*** Opening of MATERIAL PROVIDED ***
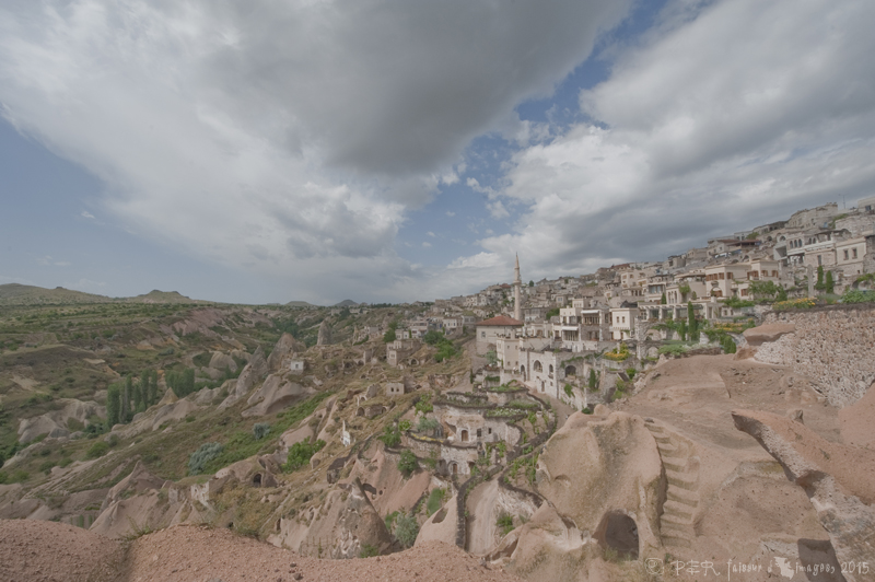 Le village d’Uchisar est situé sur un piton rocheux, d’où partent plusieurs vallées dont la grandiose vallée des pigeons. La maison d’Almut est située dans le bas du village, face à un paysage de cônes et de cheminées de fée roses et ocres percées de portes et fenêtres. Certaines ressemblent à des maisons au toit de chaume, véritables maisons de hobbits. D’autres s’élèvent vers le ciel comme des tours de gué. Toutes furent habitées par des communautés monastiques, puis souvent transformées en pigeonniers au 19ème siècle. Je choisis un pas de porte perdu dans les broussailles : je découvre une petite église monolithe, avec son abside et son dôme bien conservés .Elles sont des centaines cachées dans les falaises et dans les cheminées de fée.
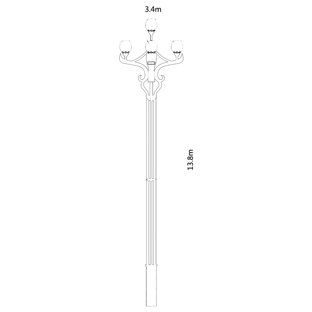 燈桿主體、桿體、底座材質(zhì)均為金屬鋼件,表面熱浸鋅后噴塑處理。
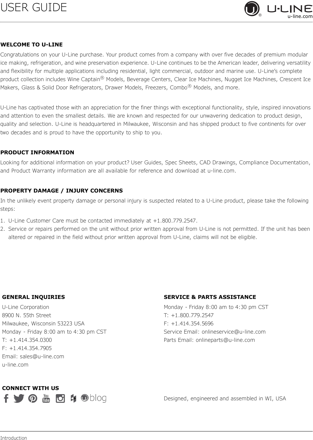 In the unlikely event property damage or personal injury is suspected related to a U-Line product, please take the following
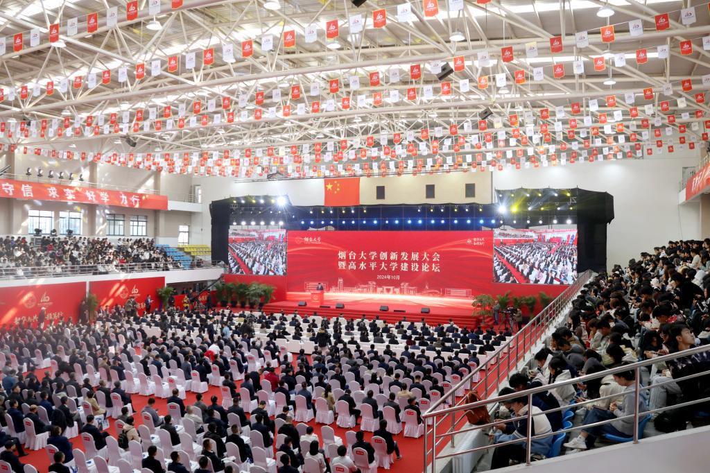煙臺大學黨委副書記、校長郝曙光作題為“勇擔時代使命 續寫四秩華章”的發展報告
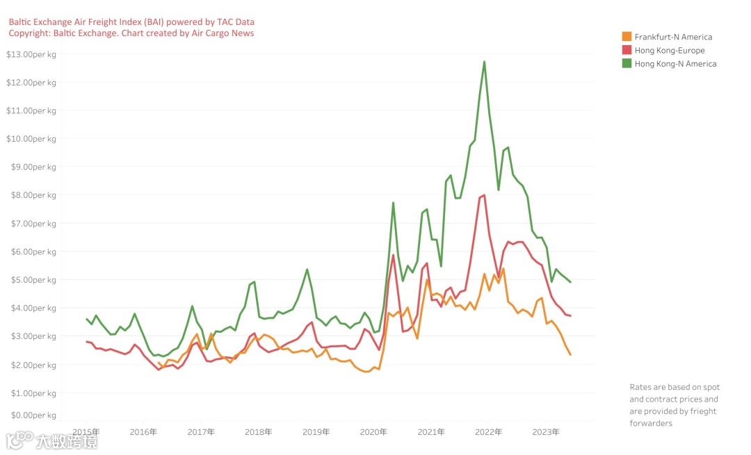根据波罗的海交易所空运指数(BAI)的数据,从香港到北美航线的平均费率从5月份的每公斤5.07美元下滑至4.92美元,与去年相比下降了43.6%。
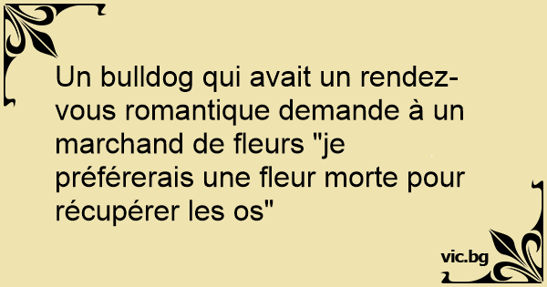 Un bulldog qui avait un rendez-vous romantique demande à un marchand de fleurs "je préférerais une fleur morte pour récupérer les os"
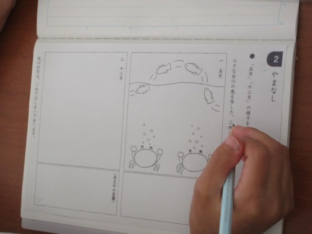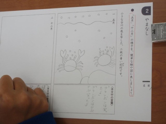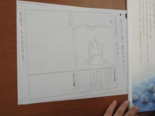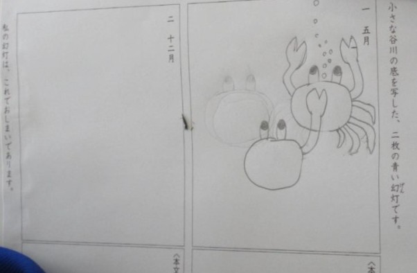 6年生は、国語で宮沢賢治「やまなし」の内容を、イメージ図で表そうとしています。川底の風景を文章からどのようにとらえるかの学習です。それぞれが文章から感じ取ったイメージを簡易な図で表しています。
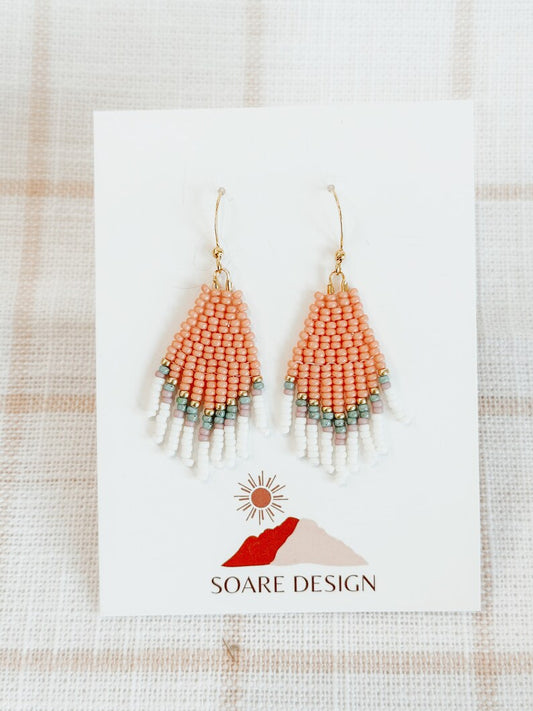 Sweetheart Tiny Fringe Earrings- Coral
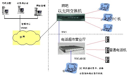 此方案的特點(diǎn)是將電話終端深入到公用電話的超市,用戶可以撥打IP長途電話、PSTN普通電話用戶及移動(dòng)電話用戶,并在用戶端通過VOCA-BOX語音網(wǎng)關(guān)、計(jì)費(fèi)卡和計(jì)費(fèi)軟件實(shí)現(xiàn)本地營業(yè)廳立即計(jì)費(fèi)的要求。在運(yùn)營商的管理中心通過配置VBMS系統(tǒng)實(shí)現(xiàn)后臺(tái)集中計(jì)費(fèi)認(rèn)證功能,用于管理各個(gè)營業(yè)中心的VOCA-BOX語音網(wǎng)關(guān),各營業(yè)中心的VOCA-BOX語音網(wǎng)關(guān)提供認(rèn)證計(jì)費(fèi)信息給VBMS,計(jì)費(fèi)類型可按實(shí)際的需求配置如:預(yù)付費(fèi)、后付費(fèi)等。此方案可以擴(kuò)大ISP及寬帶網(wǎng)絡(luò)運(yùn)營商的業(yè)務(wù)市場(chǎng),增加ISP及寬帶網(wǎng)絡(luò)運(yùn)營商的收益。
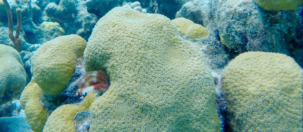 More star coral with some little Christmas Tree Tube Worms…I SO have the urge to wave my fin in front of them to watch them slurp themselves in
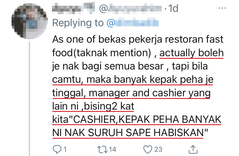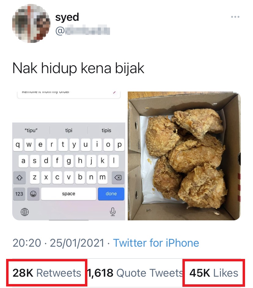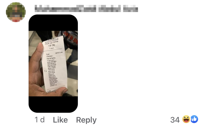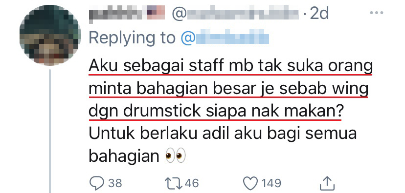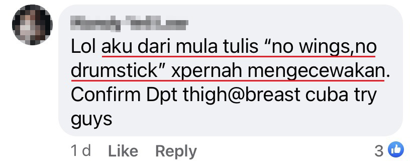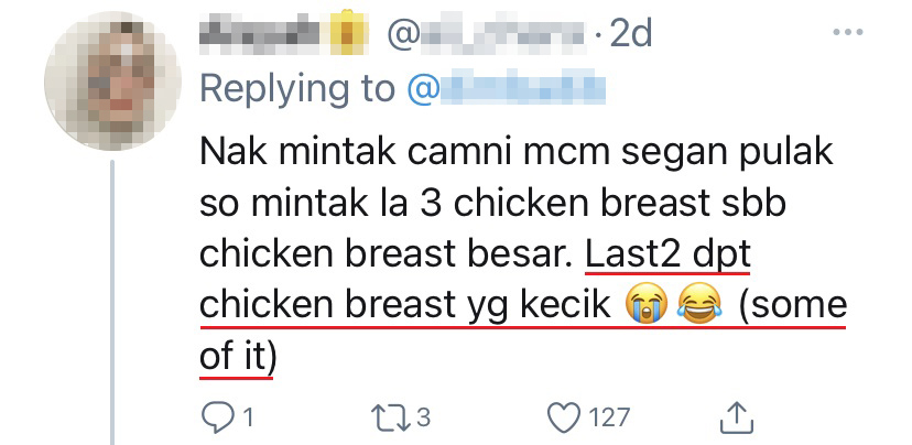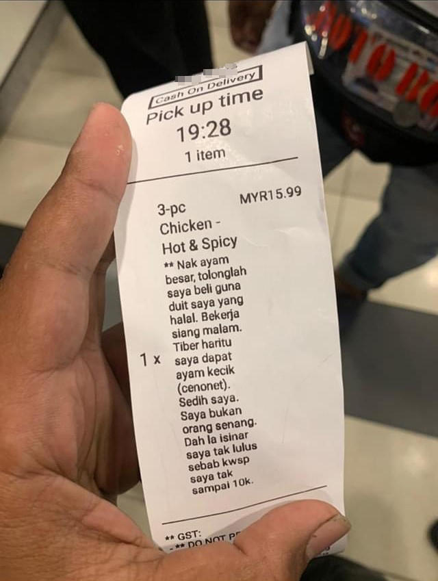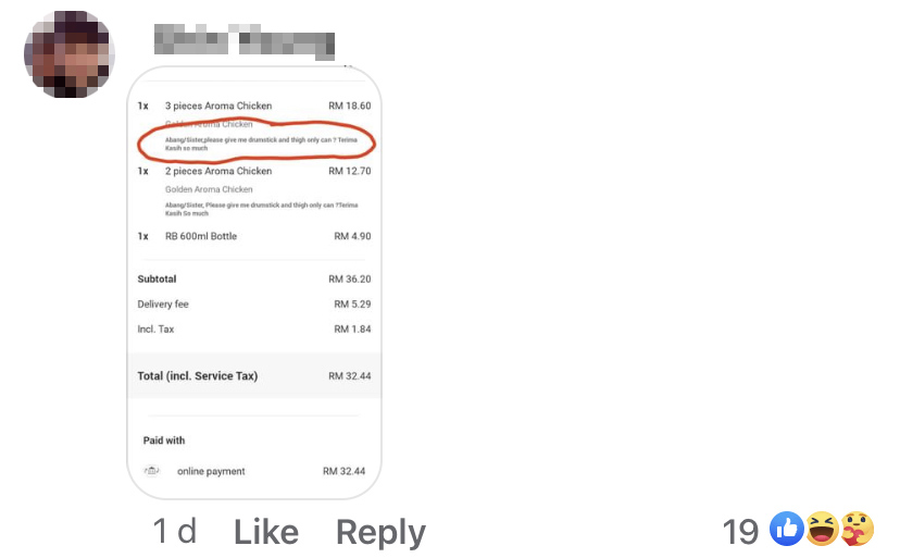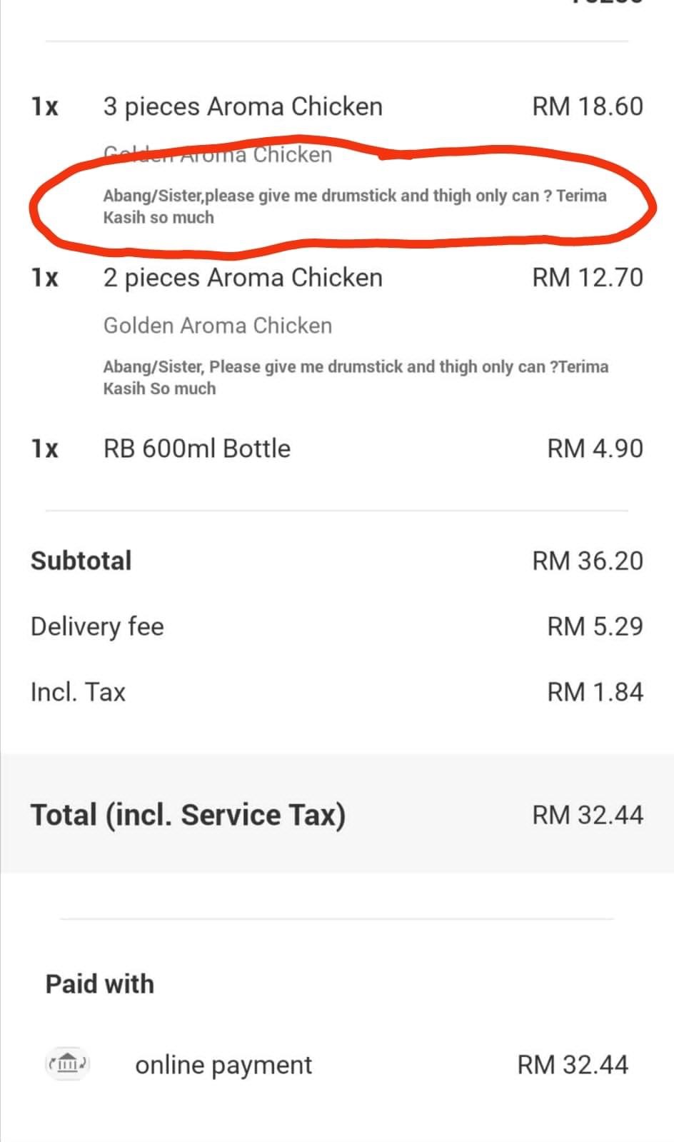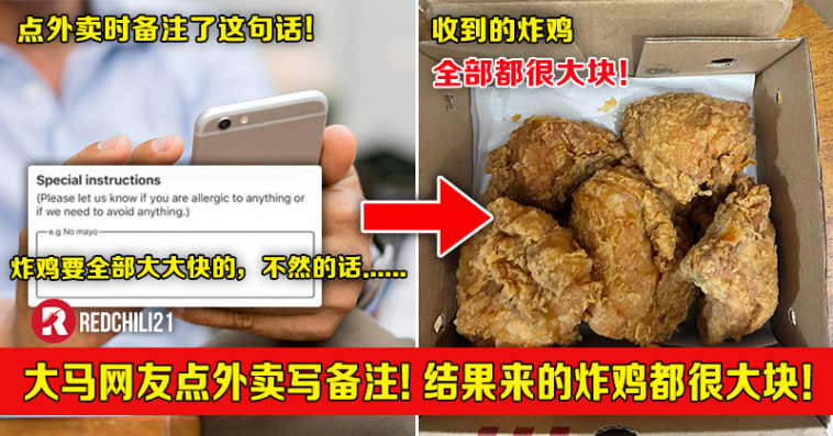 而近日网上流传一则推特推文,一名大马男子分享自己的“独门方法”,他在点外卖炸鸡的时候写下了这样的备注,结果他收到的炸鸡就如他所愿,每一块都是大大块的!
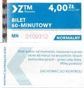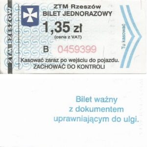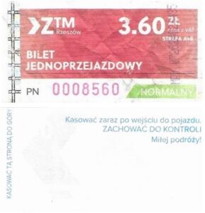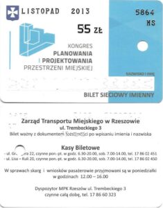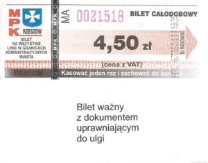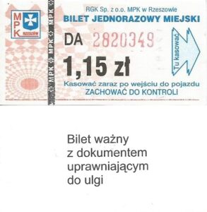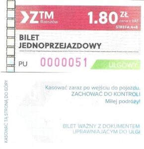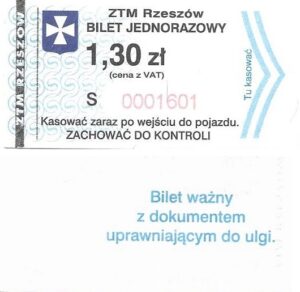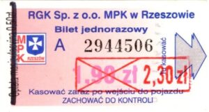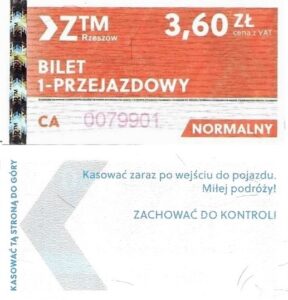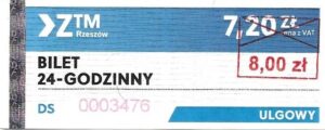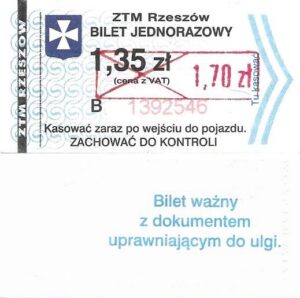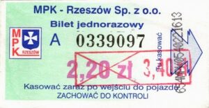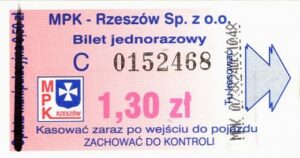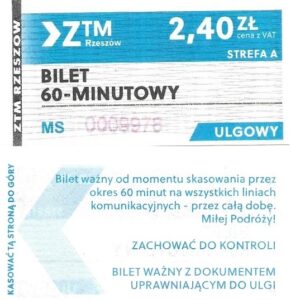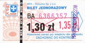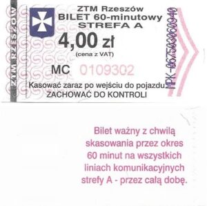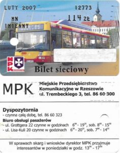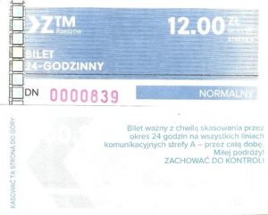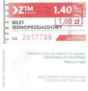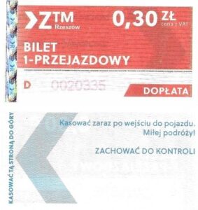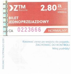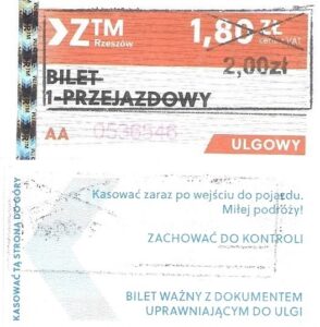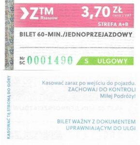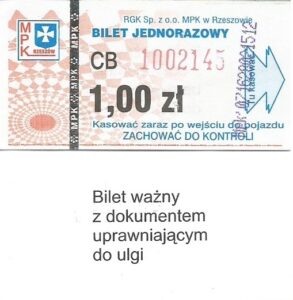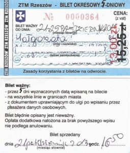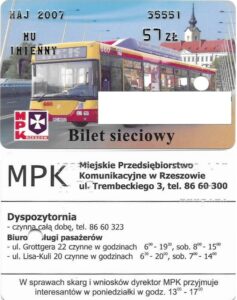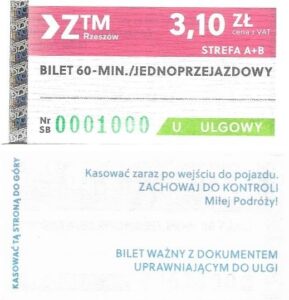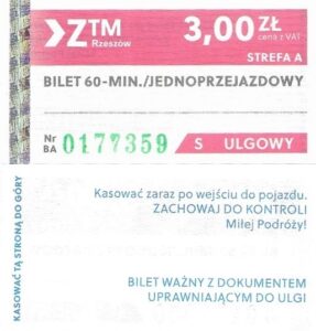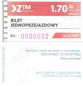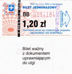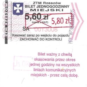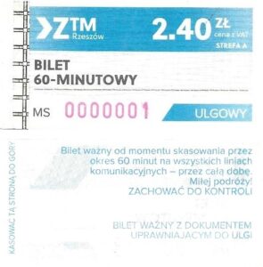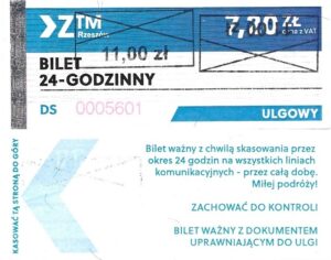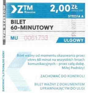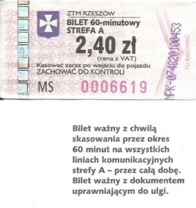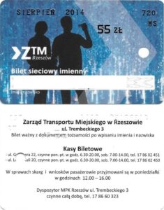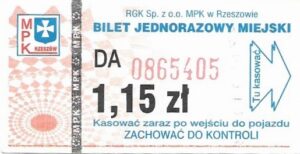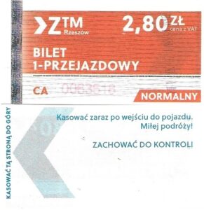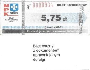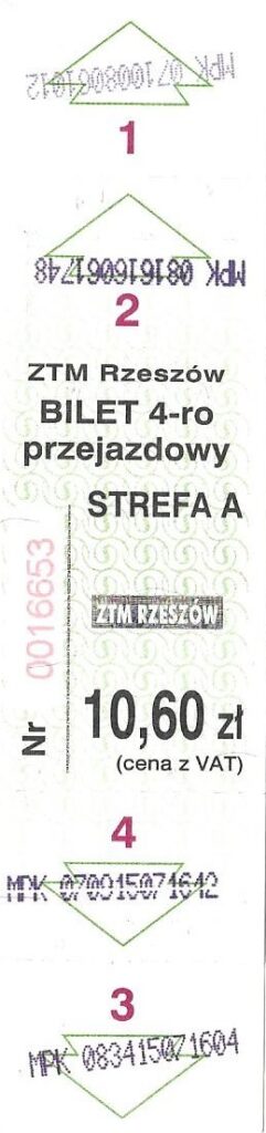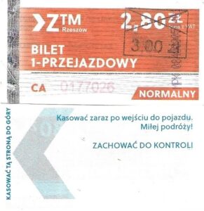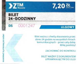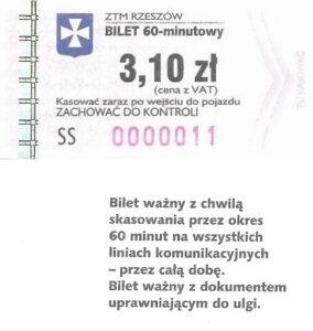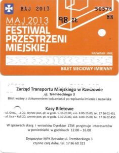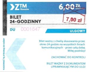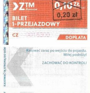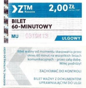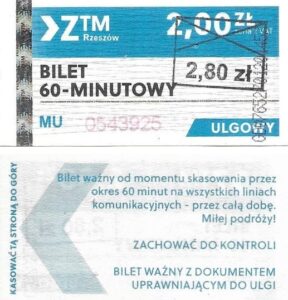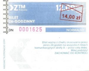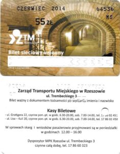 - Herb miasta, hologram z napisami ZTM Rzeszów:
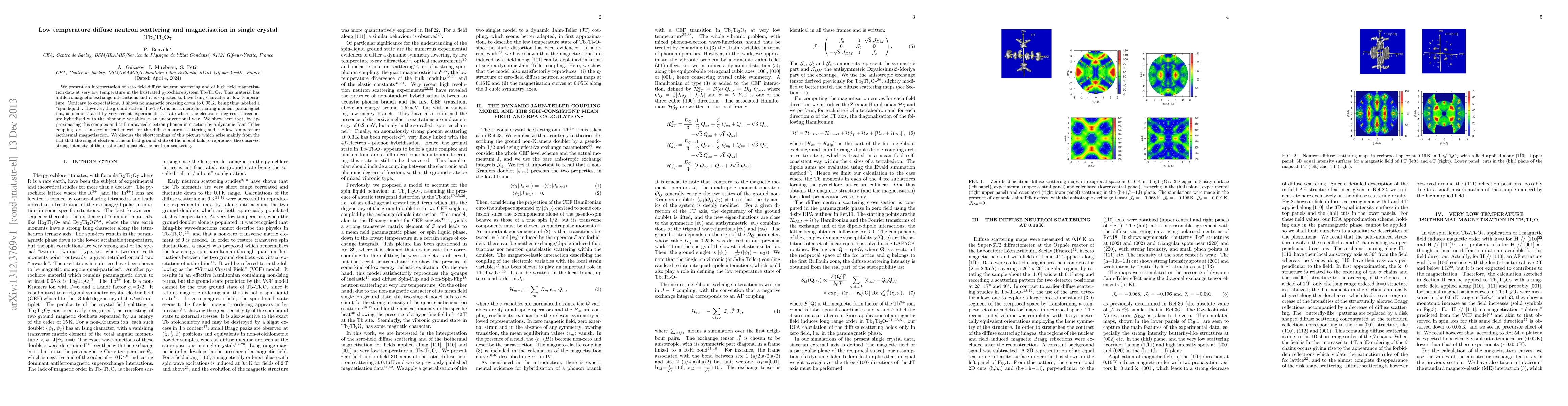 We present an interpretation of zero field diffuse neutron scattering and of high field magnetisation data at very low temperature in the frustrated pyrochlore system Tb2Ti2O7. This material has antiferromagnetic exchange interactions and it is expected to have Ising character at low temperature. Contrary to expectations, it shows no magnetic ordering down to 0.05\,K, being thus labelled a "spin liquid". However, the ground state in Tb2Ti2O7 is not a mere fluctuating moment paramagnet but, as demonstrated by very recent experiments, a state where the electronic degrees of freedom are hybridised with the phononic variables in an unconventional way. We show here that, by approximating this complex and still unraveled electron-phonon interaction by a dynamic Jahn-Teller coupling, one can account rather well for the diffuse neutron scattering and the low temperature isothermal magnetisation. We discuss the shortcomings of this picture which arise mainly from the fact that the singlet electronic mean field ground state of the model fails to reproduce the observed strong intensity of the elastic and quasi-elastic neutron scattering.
*** Close of MATERIAL PROVIDED ***
WORK TO COMPLETE> Omit the pictures and print the listing exactly.

RESPONSE BELOW>
 Le village d’Uchisar est situé sur un piton rocheux, d’où partent plusieurs vallées dont la grandiose vallée des pigeons. La maison d’Almut est située dans le bas du village, face à un paysage de cônes et de cheminées de fée roses et ocres percées de portes et fenêtres. Certaines ressemblent à des maisons au toit de chaume, véritables maisons de hobbits. D’autres s’élèvent vers le ciel comme des tours de gué. Toutes furent habitées par des communautés monastiques, puis souvent transformées en pigeonniers au 19ème siècle. Je choisis un pas de porte perdu dans les broussailles : je découvre une petite église monolithe, avec son abside et son dôme bien conservés .Elles sont des centaines cachées dans les falaises et dans les cheminées de fée.
 燈桿主體、桿體、底座材質(zhì)均為金屬鋼件,表面熱浸鋅后噴塑處理。
 In the unlikely event property damage or personal injury is suspected related to a U-Line product, please take the following
煙臺大學黨委副書記、校長郝曙光作題為“勇擔時代使命 續寫四秩華章”的發展報告
根据波罗的海交易所空运指数(BAI)的数据,从香港到北美航线的平均费率从5月份的每公斤5.07美元下滑至4.92美元,与去年相比下降了43.6%。
 Un bulldog qui avait un rendez-vous romantique demande à un marchand de fleurs "je préférerais une fleur morte pour récupérer les os"
 6年生は、国語で宮沢賢治「やまなし」の内容を、イメージ図で表そうとしています。川底の風景を文章からどのようにとらえるかの学習です。それぞれが文章から感じ取ったイメージを簡易な図で表しています。
 Sweetheart Tiny Fringe Earrings- Coral
 此方案的特點(diǎn)是將電話終端深入到公用電話的超市,用戶可以撥打IP長途電話、PSTN普通電話用戶及移動(dòng)電話用戶,并在用戶端通過VOCA-BOX語音網(wǎng)關(guān)、計(jì)費(fèi)卡和計(jì)費(fèi)軟件實(shí)現(xiàn)本地營業(yè)廳立即計(jì)費(fèi)的要求。在運(yùn)營商的管理中心通過配置VBMS系統(tǒng)實(shí)現(xiàn)后臺(tái)集中計(jì)費(fèi)認(rèn)證功能,用于管理各個(gè)營業(yè)中心的VOCA-BOX語音網(wǎng)關(guān),各營業(yè)中心的VOCA-BOX語音網(wǎng)關(guān)提供認(rèn)證計(jì)費(fèi)信息給VBMS,計(jì)費(fèi)類型可按實(shí)際的需求配置如:預(yù)付費(fèi)、后付費(fèi)等。此方案可以擴(kuò)大ISP及寬帶網(wǎng)絡(luò)運(yùn)營商的業(yè)務(wù)市場(chǎng),增加ISP及寬帶網(wǎng)絡(luò)運(yùn)營商的收益。
 More star coral with some little Christmas Tree Tube Worms…I SO have the urge to wave my fin in front of them to watch them slurp themselves in
 而近日网上流传一则推特推文,一名大马男子分享自己的“独门方法”,他在点外卖炸鸡的时候写下了这样的备注,结果他收到的炸鸡就如他所愿,每一块都是大大块的!
 - Herb miasta, hologram z napisami ZTM Rzeszów:
 We present an interpretation of zero field diffuse neutron scattering and of high field magnetisation data at very low temperature in the frustrated pyrochlore system Tb2Ti2O7. This material has antiferromagnetic exchange interactions and it is expected to have Ising character at low temperature. Contrary to expectations, it shows no magnetic ordering down to 0.05\,K, being thus labelled a "spin liquid". However, the ground state in Tb2Ti2O7 is not a mere fluctuating moment paramagnet but, as demonstrated by very recent experiments, a state where the electronic degrees of freedom are hybridised with the phononic variables in an unconventional way. We show here that, by approximating this complex and still unraveled electron-phonon interaction by a dynamic Jahn-Teller coupling, one can account rather well for the diffuse neutron scattering and the low temperature isothermal magnetisation. We discuss the shortcomings of this picture which arise mainly from the fact that the singlet electronic mean field ground state of the model fails to reproduce the observed strong intensity of the elastic and quasi-elastic neutron scattering.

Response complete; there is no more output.